Flood Insurance: Needed In Galveston But Not On Wall Street

Imagine watching the water rise in your home…first just a trickle through the bottom of the door, then to your ankles, then to your waist…

People in New Orleans and now Galveston have experienced the feeling of literally watching their homes flood before their eyes.

Thankfully, many people in Galveston evacuated before Hurricane Ike hammered the island south of Houston before this weekend’s storm. However, even those who left are now facing the aftermath of a storm that flooded most of Galveston Island.

Some of these homeowners will be able to pick up and start over thanks to the flood insurance policies they purchased. Unfortunately, some homeowners did not buy insurance, and for these unlucky few, when they return home they will have almost nothing left.

A similar phenomena has been occurring in the financial markets.

Many institutions took risks, and rather than buying insurance (in the form of conservative practices), they decided to rough it, perhaps convinced like a few stubborn Galveston homeowners, that because it had not flooded for the last twenty years, that it would not flood this time around.

The horrible irony of the flood analogy is that for many of these institutions, and more offensively their shareholders, they did not have to buy insurance because the federal government stood waiting in the wings to bail them out.
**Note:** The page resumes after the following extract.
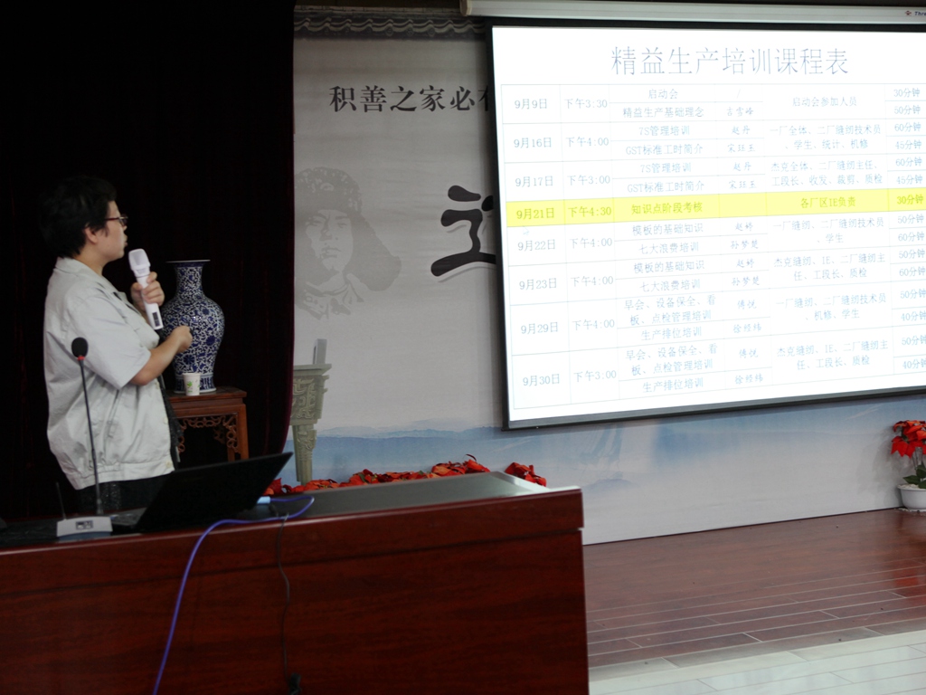 启动仪式后,二厂区技术部副经理吉雪峰进行了《精益之精益生产基础知识》的培训。与会学员个个精神饱满,认真学习聆听。本次管理干部精益思维培训由集团副总经理李海骄发起,二厂IE部具体组织落实,课程包括精益生产、现场管理等23节课程。主讲人均来自生产、IE部专业技术人才。

At the same time, many home owners will not be as lucky…sure they might get a FEMA check to help with some of their relocation expenses, but they will be wiped out – because they took a risk (living by the water) and did not protect against it (buy flood insurance).

Tonight the Federal Government has agreed to loan AIG $85 B dollars in exchange for a majority stake in the company in order to avoid the dreaded CDS Scenarios alluded to in my previous post (AIG Gets $85 Billion Fed Loan, Cedes Control to Avert Collapse).

In the most twisted of ironies, the Federal Government is acting as an insurer to an insurer who failed to insure itself like any responsible citizen.

Although it is unclear from the current news whether AIG shareholders will be completely wiped out, if they – like their Bear Stearns brethren before them – receive anything more than $0, this is truly a deplorable decision.

As I mentioned at the time of the Bear Stearns decision, I understand that the government feels the need to prevent the kind of systematic calamity that would exist if a massive counterparty failed  – especially one the size of AIG who is a participant as a principal in far more markets than Lehman or Bear Stearns. However, they should do as they did for Freddie and Fannie and eliminate the equity value of the firm. If AIG has truly failed, then let it be so.

The alternative – for the Fed to act as an after-the-fact insurance policy when the storm comes – undermines the very free market that the current administration claims to support.

My heart goes out to the families in Galveston, and the workers at Lehman and on main street who are suffering in the midst of our nations greatest financial challenge since the Great Depression.

I only hope our leaders use these decisions as lessons learned to develop more reasonable principles and to reach fairer decisions in the future…and in the mean time, I hope they have not done what it appears they might have done in jeapordizing the financial wherewithal of the federal government to protect shareholders of irresponsible institutions.